#### EXERCISE REQUIREMENTS:
Give back the listing in full and exactly, leaving out the images.

#### DATA:

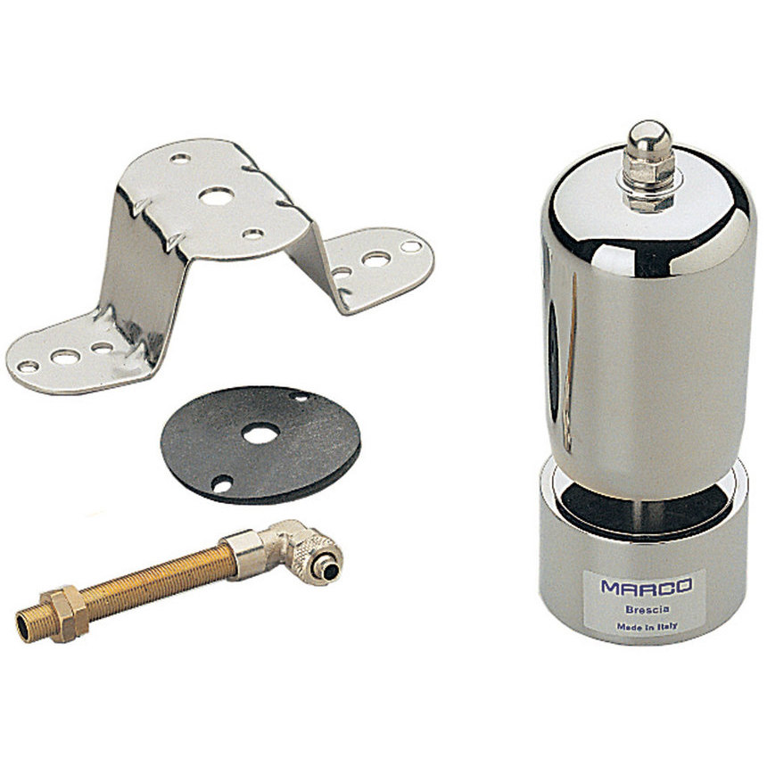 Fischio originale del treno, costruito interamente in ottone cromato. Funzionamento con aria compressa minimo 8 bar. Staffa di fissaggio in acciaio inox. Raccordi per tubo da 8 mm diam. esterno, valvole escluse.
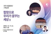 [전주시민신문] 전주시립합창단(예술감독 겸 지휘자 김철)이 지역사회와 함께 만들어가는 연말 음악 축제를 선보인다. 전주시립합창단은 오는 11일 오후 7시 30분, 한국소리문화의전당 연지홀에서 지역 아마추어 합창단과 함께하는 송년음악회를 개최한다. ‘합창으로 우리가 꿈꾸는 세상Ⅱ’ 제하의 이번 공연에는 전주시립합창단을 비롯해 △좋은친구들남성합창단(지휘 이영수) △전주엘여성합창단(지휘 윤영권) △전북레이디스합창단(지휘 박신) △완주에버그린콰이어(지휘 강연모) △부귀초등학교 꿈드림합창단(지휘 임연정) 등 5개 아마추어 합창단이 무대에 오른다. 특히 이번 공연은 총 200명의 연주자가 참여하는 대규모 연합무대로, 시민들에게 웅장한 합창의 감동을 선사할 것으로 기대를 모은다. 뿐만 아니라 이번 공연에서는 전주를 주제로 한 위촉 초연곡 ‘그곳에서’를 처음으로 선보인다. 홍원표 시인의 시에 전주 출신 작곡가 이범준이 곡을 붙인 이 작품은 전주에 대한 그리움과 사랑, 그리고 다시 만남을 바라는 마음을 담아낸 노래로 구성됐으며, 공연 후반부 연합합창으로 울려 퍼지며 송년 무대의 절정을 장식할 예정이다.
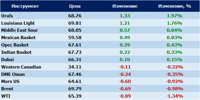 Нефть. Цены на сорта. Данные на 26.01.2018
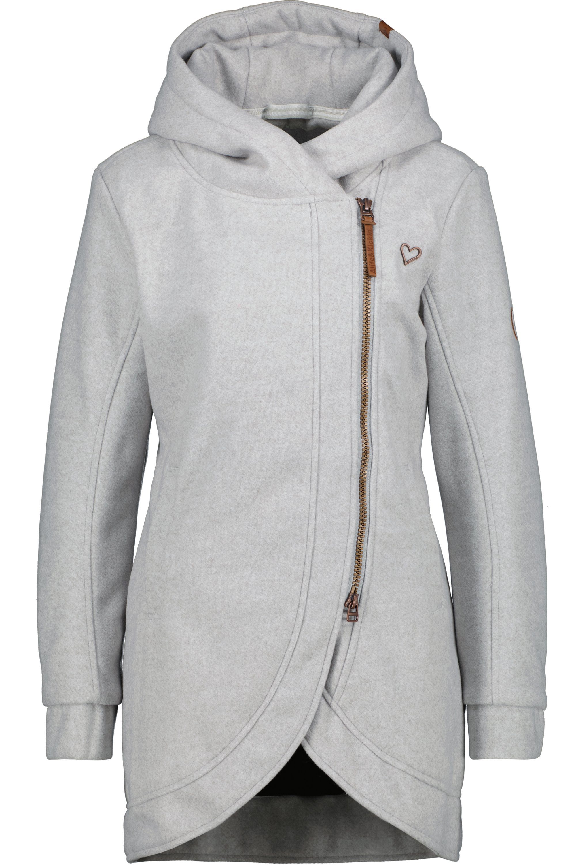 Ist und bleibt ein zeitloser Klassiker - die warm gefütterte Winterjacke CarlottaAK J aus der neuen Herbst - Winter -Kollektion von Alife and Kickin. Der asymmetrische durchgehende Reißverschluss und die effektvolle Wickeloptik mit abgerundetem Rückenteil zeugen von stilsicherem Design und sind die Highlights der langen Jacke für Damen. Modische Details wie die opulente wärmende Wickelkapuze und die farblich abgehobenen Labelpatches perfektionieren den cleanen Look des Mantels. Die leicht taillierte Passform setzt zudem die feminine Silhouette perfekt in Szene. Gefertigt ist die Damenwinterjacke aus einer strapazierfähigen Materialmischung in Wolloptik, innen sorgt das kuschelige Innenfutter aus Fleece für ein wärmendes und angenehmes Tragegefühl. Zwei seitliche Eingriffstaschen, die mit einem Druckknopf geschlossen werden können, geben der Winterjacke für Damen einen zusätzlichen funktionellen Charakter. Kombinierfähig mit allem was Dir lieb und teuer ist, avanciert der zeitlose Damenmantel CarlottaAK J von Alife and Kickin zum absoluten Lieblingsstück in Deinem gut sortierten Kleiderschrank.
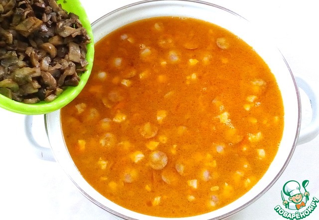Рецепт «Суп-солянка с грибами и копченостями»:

#### WRITTEN SOLUTION:
 Fischio originale del treno, costruito interamente in ottone cromato. Funzionamento con aria compressa minimo 8 bar. Staffa di fissaggio in acciaio inox. Raccordi per tubo da 8 mm diam. esterno, valvole escluse.
 [전주시민신문] 전주시립합창단(예술감독 겸 지휘자 김철)이 지역사회와 함께 만들어가는 연말 음악 축제를 선보인다. 전주시립합창단은 오는 11일 오후 7시 30분, 한국소리문화의전당 연지홀에서 지역 아마추어 합창단과 함께하는 송년음악회를 개최한다. ‘합창으로 우리가 꿈꾸는 세상Ⅱ’ 제하의 이번 공연에는 전주시립합창단을 비롯해 △좋은친구들남성합창단(지휘 이영수) △전주엘여성합창단(지휘 윤영권) △전북레이디스합창단(지휘 박신) △완주에버그린콰이어(지휘 강연모) △부귀초등학교 꿈드림합창단(지휘 임연정) 등 5개 아마추어 합창단이 무대에 오른다. 특히 이번 공연은 총 200명의 연주자가 참여하는 대규모 연합무대로, 시민들에게 웅장한 합창의 감동을 선사할 것으로 기대를 모은다. 뿐만 아니라 이번 공연에서는 전주를 주제로 한 위촉 초연곡 ‘그곳에서’를 처음으로 선보인다. 홍원표 시인의 시에 전주 출신 작곡가 이범준이 곡을 붙인 이 작품은 전주에 대한 그리움과 사랑, 그리고 다시 만남을 바라는 마음을 담아낸 노래로 구성됐으며, 공연 후반부 연합합창으로 울려 퍼지며 송년 무대의 절정을 장식할 예정이다.
 Нефть. Цены на сорта. Данные на 26.01.2018
 Ist und bleibt ein zeitloser Klassiker - die warm gefütterte Winterjacke CarlottaAK J aus der neuen Herbst - Winter -Kollektion von Alife and Kickin. Der asymmetrische durchgehende Reißverschluss und die effektvolle Wickeloptik mit abgerundetem Rückenteil zeugen von stilsicherem Design und sind die Highlights der langen Jacke für Damen. Modische Details wie die opulente wärmende Wickelkapuze und die farblich abgehobenen Labelpatches perfektionieren den cleanen Look des Mantels. Die leicht taillierte Passform setzt zudem die feminine Silhouette perfekt in Szene. Gefertigt ist die Damenwinterjacke aus einer strapazierfähigen Materialmischung in Wolloptik, innen sorgt das kuschelige Innenfutter aus Fleece für ein wärmendes und angenehmes Tragegefühl. Zwei seitliche Eingriffstaschen, die mit einem Druckknopf geschlossen werden können, geben der Winterjacke für Damen einen zusätzlichen funktionellen Charakter. Kombinierfähig mit allem was Dir lieb und teuer ist, avanciert der zeitlose Damenmantel CarlottaAK J von Alife and Kickin zum absoluten Lieblingsstück in Deinem gut sortierten Kleiderschrank.
Рецепт «Суп-солянка с грибами и копченостями»:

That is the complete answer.